Functional imaging is limited by both technical factors and our current knowledge of its correct interpretation. A study done at different times on the same patient could show activation of different areas based on the patient's own fluctuating awareness that day, so may not accurately identify functional integrity. Even if intact networks were identified, it would be unclear how robust a subjective experience of consciousness or self-awareness the radiographically observed activity actually reflected. The neurologist can inform the family that the patient has recovered some neurological function, but that she is still severely brain injured, based on her history and physical examination.
The parents want to know if Susan knows that they are there at her bedside, if she can hear them talking to her, and if she is in pain.
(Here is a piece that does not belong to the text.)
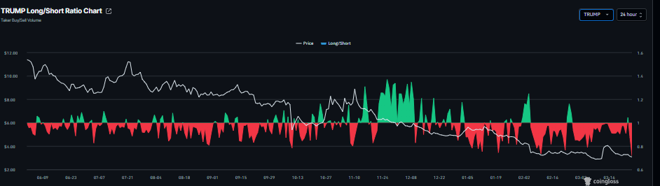 TRUMP long-to-short ratio chart. Source: Coinglass

The neurologist explains that it is not known how much of what healthy people would recognize as conscious awareness is present in minimally conscious individuals. It is probably not the case that she is living an active mental life inside her severely limited body, the way a person with a neuro-degenerative disease might.
The neurologist further explains that patients who recover from MCS do not recall the period of minimal consciousness. Rather, it is thought, and imaging has supported the idea, that MCS involves a fluctuating limited ability to interact, and that these patients have limited activation of selected areas of cortex permitting some interaction without the full integration required for complete awareness. What exactly is intact is highly individual and dependent on the injury each patient sustains. Large areas of pain networks may be preserved, so it is reasonable to ensure patients' comfort, including pain medication. Several studies have shows preservation of auditory networks and at least one has shown evidence of auditory processing and cognitive command following, so although it is unlikely that the patient has total awareness of her family's presence, her brain could be processing their speech rudimentarily.
The neurologist reassures the Shins that Susan will continue to be examined at regular intervals for evidence of neurological recovery. He also provides them with a realistic explanation of her likely severe degree of permanent disability.
The family accepts the lack of indication for functional imaging in diagnosis. Just then a nearby research neuroscientist decides that Susan is eligible for her experimental study of functional imaging using PET scanning in minimally conscious patients.
The proposed neuroimaging studies will be experimental and descriptive. They are not validated for prognosis in Susan's case. Currently, there are many research studies but no large, validated set of prognostic data using fMRI or PET for patients in MCS, so even if it were performed, the test's results would be of uncertain significance. The results might enter a database which in aggregate data could be used to prospectively or retrospectively correlate eventual outcome with features seen on such imaging, and thus might eventually help scientists form prognostic schemes such as those currently in existence for coma. The benefit will not be for this patient or family, but for others in the future. Eventually, physicians may be able to construct a functional, neuroimaging profile of a particular injured patient that gives good information about likely recovery. However, that is a future direction, not a current reality.